Perfect caramelized onions

For totally perfect caramelized onions, it is best to use a mandolin slicer to get even and super thin slices.  Even slices are important for even cooking.

Peel the onions and cut in half through the root end.  Using the mandolin, and watching your fingers, cut to form thin semi-circles. The thinner, the more fine your end product will be.  Keep in mind that the onions will cook down to aproximatly 1/5 – 1/10 of their starting weight.

Pre-heat a large enough pot to hold however many onions you’ve cut with about 1-2 tbsp of canola oil.  Add the onions, with a 1-3 tsp salt.  The salt will draw moisture from the onions, allowing them to caramelize once enough of the water has evaporated.  Stir to coat all the onions in oil and cook over medium-low heat.  Stir often and make sure that nothing is sticking to the bottom of the pan.
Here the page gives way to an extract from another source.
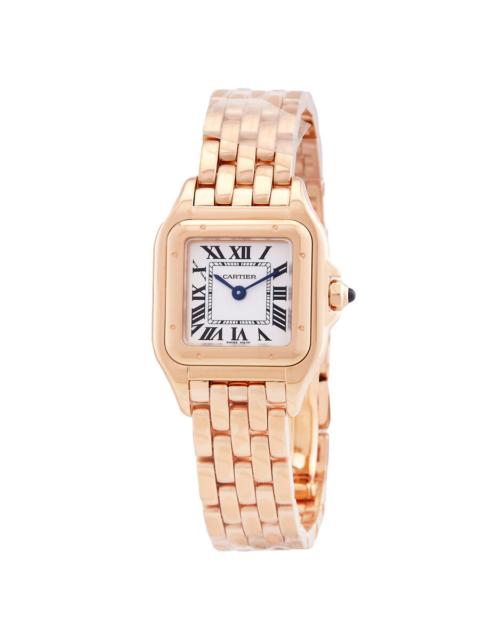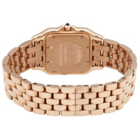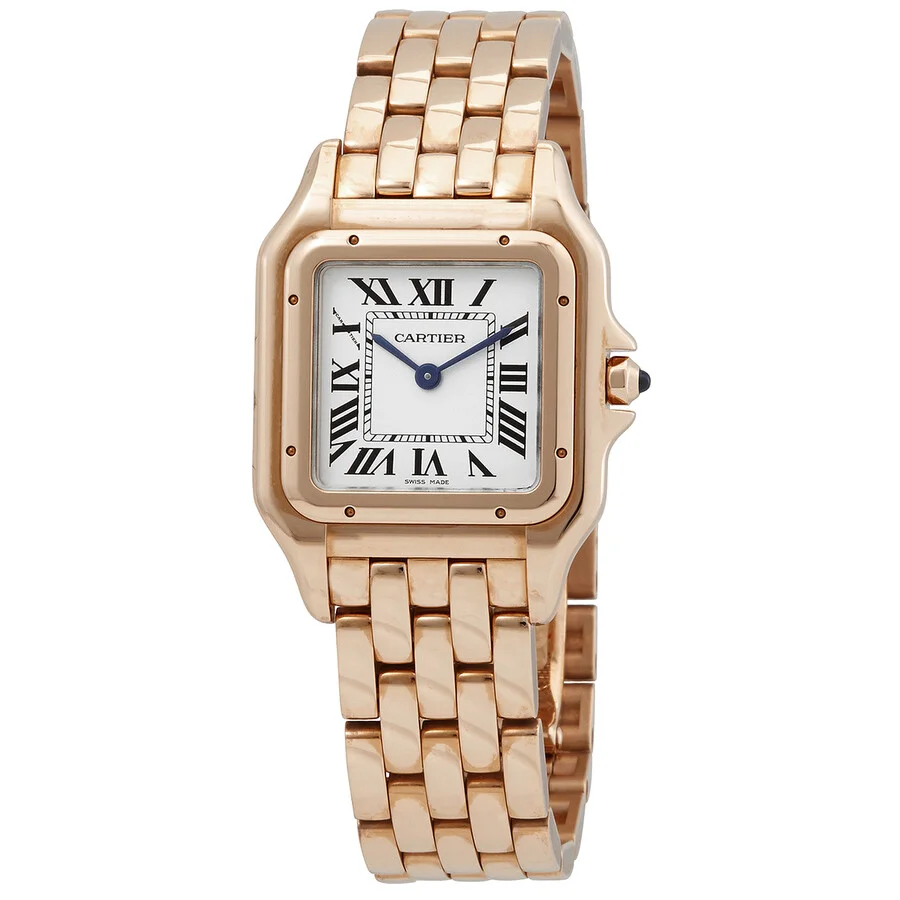 Pre-owned 18kt pink gold case with a 18kt pink gold bracelet. Fixed 18kt pink gold bezel. Silver dial with blued-steel sword-shaped hands and Roman numeral hour markers. Minute markers around an inner ring. Dial Type: Analog. Quartz movement. Scratch resistant sapphire crystal. Pull / push crown set with a synthetic blue spinel cabochon. Solid case back. Square case shape. Case dimensions: 27 mm x 37 mm. Case thickness: 6 mm. Hidden fold over clasp. Water resistant at 30 meters / 100 feet. Functions: hour, minute. Panthere De Cartier Series. Luxury watch style. Watch label: Swiss Made. Cartier Panthere de Cartier Silver Dial 18kt Pink Gold Ladies Watch WGPN0007. GENERAL Collection Name: Panthere De Cartier INFORMATION Brand: Cartier Series: Panthere Model: WGPN0007 Gender: Womens Watch Label: Swiss Made Movement: Quartz CONDITION INFORMATION Box: Yes Preowned Item Condition: Excellent Papers: No CASE Case Diameter: 37 Case Thickness: 6 mm Case Material: 18kt Pink Gold Case Shape: Square Case Back: Solid DIAL Type: Analog Dial Color: Silver Crystal: Scratch Resistant Sapphire Hands: Blued-steel Sword-shaped Second Markers: Minute Markers around an inner ring Dial Markers: Roman Numeral Bezel: Fixed Bezel Color: Rose Gold-tone Bezel Material: 18kt Pink Gold Crown: Pull / Push BAND Band Type: Bracelet Band Material: 18kt Pink Gold Band Color: Rose Gold-tone Clasp: Hidden Fold Over FEATURES Water Resistance: 30 meters / 100 feet Functions: Hour, Minute Watch Features: Gold, Analog ADDITIONAL INFO Watch Style: Luxury Warranty: 1 Year Jomashop Warranty UPC Code: 7613268812501 Jomashop Sku: PRE-P-CRT98130 Department: Watches

The onions will take up to an hour to cook down nice and slowly.  With this method you don’t need to add any sugar to cheat on caramelization.  The low heat and little bit of salt will do the trick as long as you are patient.  Once you pass through the sweating stage and most of the moisture has evaporated, you need to pay a little more attention, and stir more often than before. Cook until the onions are an even color of your liking.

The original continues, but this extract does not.